Our team also leads Astera’s Residency program, supports independent Fellows, explores and funds new opportunities, and drives events and other ecosystem-supporting efforts.
We think about grants and investments as a continuum rather than a binary.
Most foundations have an external grant-making function. At Astera, we also do grants when appropriate, but we believe we can increase philanthropic capital efficiency by structuring some of our programmatic expenditures as investments. With a grant, we lose 100% of our capital 100% of the time—with investments, sometimes we return capital that we can then redeploy for philanthropic purposes.
For-profit companies are a major vector for social and technological change, and a tool that nonprofits can use to achieve their charitable objectives.

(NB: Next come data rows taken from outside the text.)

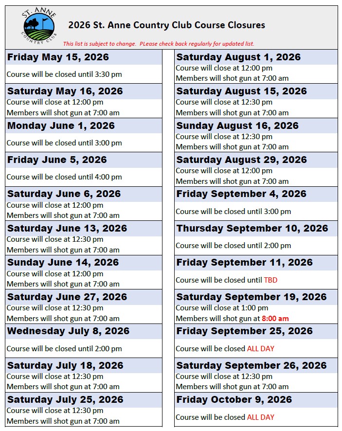 | The golf course is currently closed due to snow. If the snow melts the course will reopen. | |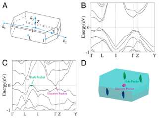 在前期工作基础上,姚裕贵/李翔研究团队进一步在国际先进的极端高压测量系统上开展实验研究工作,对Bi4Br4单晶的晶体结构和电子结构进行了更加全面系统的研究。如图1A所示,Bi4Br4在常压下的稳定相是α-Bi4Br4,具有各向异性的准一维链结构(空间群C2/m),其链内化学键较强,而链间范德华力较弱。因此压力可以在不引入化学掺杂复杂性的情况下,显著改变α-Bi4Br4原子间的排列方式和电子结构,从而引发多种常压下难以观察到的新奇物态。例如,理论预测具有相同C2/m对称性的另一种准一维β-Bi4Br4相(图1B),将在压力下实现弱拓扑绝缘体(WTI)-复合外尔半金属(Weyl Semimetal)-强拓扑绝缘体(STI)的转变。此外,另一个有趣的问题是:能否可以在高压下实现Bi4Br4的超导电性,同时保持它的拓扑态不变?为了从实验上解答这些问题,他们首先生长出了高质量的α-Bi4Br4单晶,并在0-45 GPa的准静水压范围内详细测量了其电阻随温度和磁场的依赖关系。如图2所示,他们在3.0-3.8 GPa之间观测到压力引起的绝缘体-金属转变;理论计算表明,这是由于价带和导带穿过费米能级,形成许多小的空穴和电子口袋造成的。有意思的是,随着压力的进一步增加,他们相继观察到两个超导转变(如图3所示)。其中第一个出现在3.8 GPa,电阻在6.8 K附近急剧下降至0,该转变温度随着磁场的增大而降低,并且高压磁化率显示出明显的抗磁信号。这些结果说明这是一个体相超导转变。继续增加压力,第一个超导相的转变温度逐渐降低,直至12 GPa以上完全消失;另一方面,在5.5 GPa、9.0 K附近出现第二个超导转变,其转变温度随着压力的增大而逐渐降低,但在45 GPa时仍然存在。为了阐明这些物性和结构的关系,他们利用X射线衍射(XRD)分别测量了Bi4Br4单晶和多晶在高压下的结构(如图4所示),发现在4.3 GPa时Bi4Br4保持单斜的α相结构,而在7.8 GPa时转变为三斜的P-1相。基于这些结果,他们又计算了α-Bi4Br4在压力下的能带结构(图5),从中可以看出其拓扑性在4.3 GPa时仍然受到C2旋转对称性的保护,表明第一个超导相可能与受旋转对称性保护的拓扑性共存;而第二个超导相的出现则与7.8 GPa发生的结构相变有关。上述结果对全面理解压力调控拓扑材料的晶体结构和电子特性具有重要意义。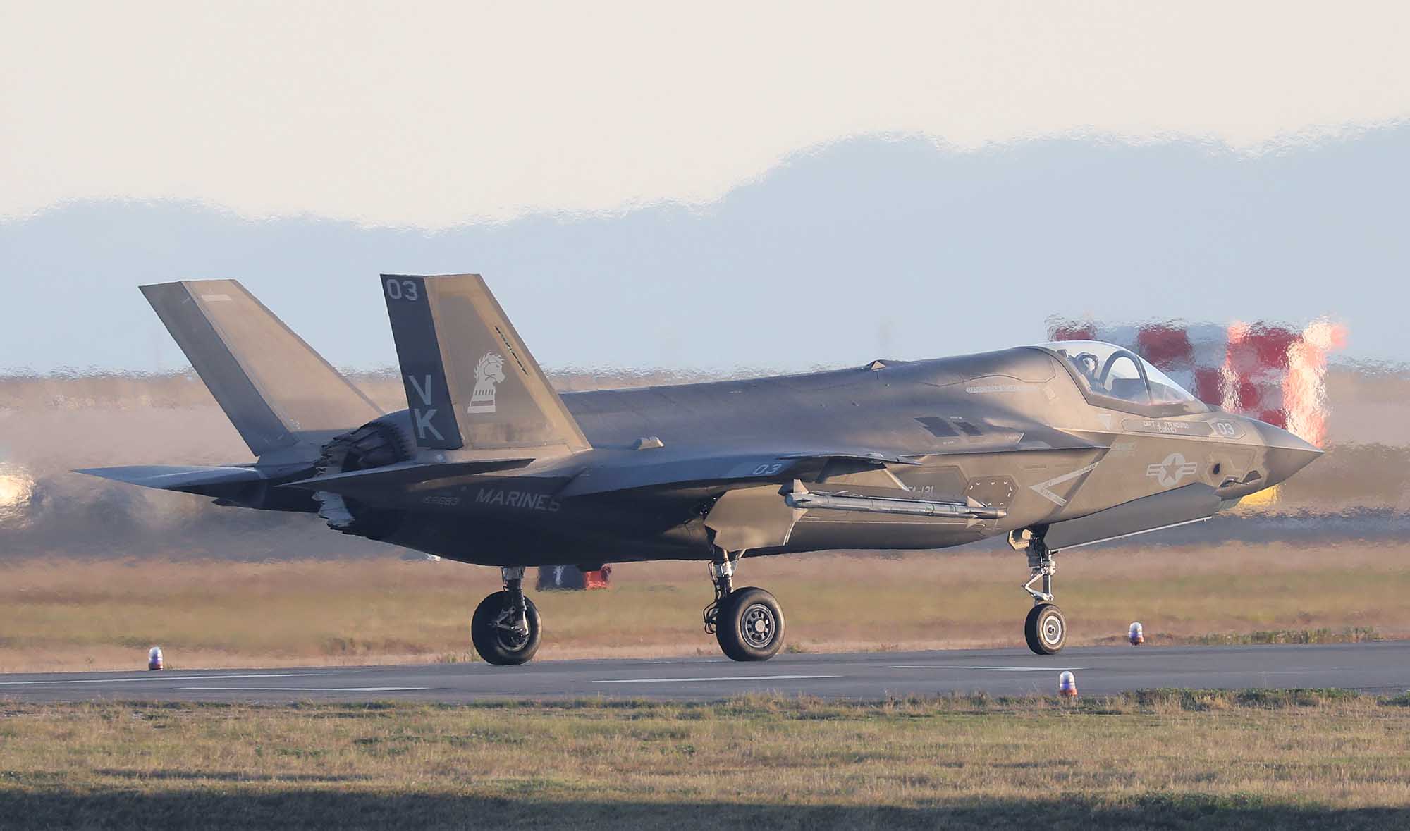 ↑ タキシーするF-35B/VK-12の後方には、ランウェイ脇でホットピットを行うF-35B/VK-06の姿。エンジンをかけたままで給油作業して、速やかに再出撃するホットピット訓練は、最近海兵隊が最も力を入れている項目のようだ。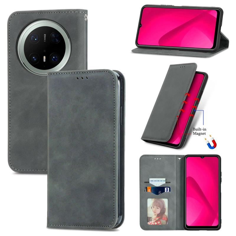 For Huawei Mate 70 Pro+ Retro Skin Feel Magnetic Flip Leather Phone Case(Gray)
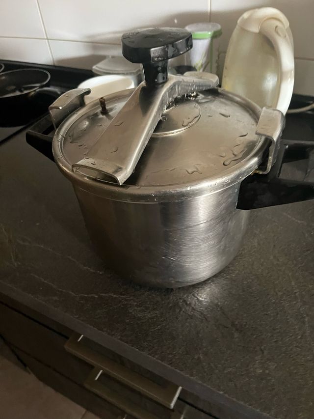 Detalles del productoOlla a presión de acero inoxidable, ideal para cocinar rápidamente. Es grande y está en buen estado, aunque muestra algunas señales de uso.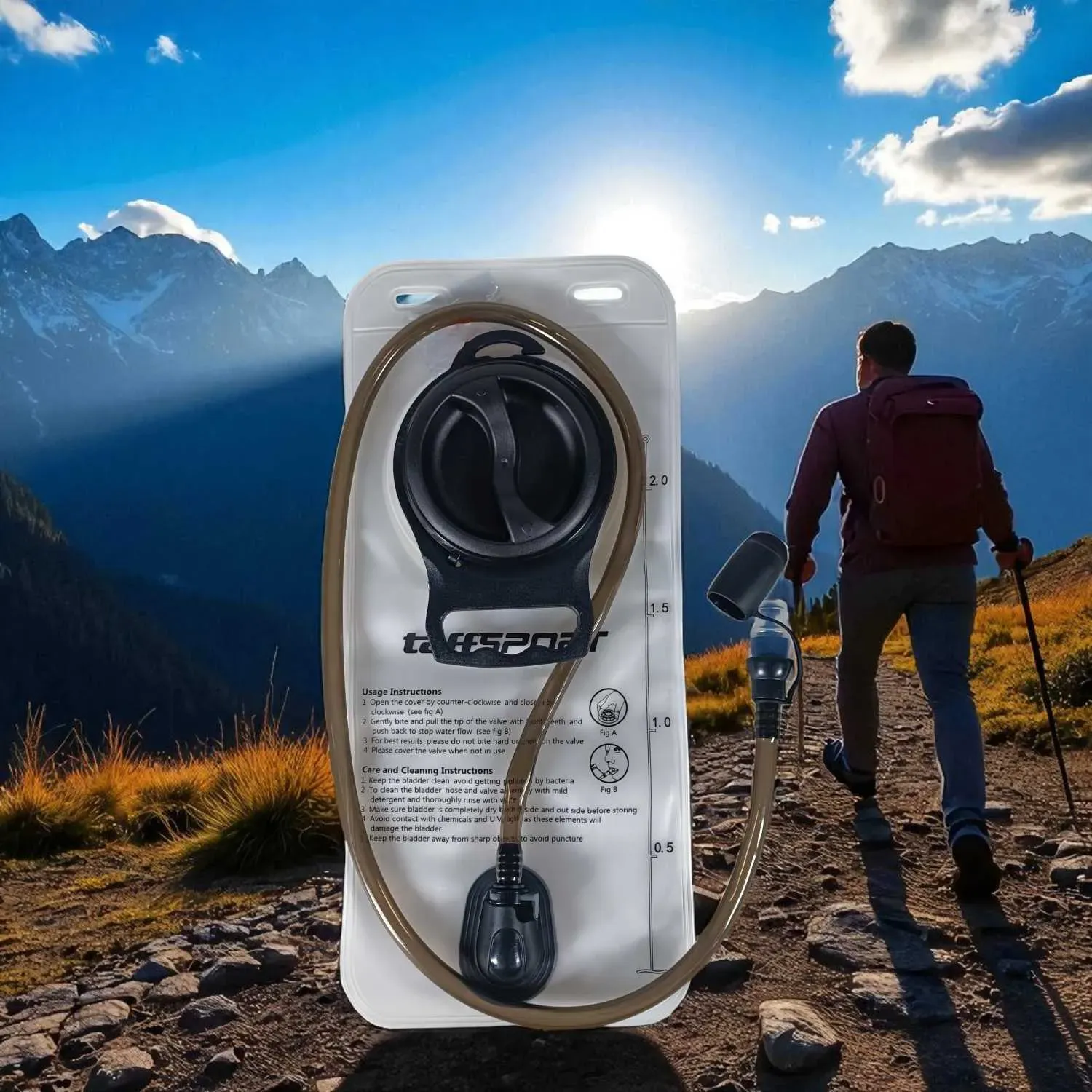 Kantong air minum berkapasitas 2 L ini terbuat dari material TPU food grade yang lembut, dilengkapi selang dan katup agar kamu dapat minum tanpa harus berhenti bergerak.

By removing the artificial constraints most foundations erect internally between grant-making and investment functions, we hope to make our existing philanthropic dollars go farther.
Occasionally, Astera identifies exceptional thinkers or creatives that we believe need flexibility and time to reach their potential. Below are our current Fellows who we typically support for several years so that they may pursue their projects with maximum autonomy.
We envision a future in which all research outputs are shared rapidly and openly. It is time to build anew. The science and scientists we support are expected to lead from the front by iterating on new approaches and living in the future today.
Astera does not support traditional journal publication practices, as this system is fundamentally unfit for this purpose and a relic of the past. As a forcing function for progress, Astera time and funds will not be used to contribute directly to journal articles. Radial will spearhead research and development for more future-forward frameworks and tools.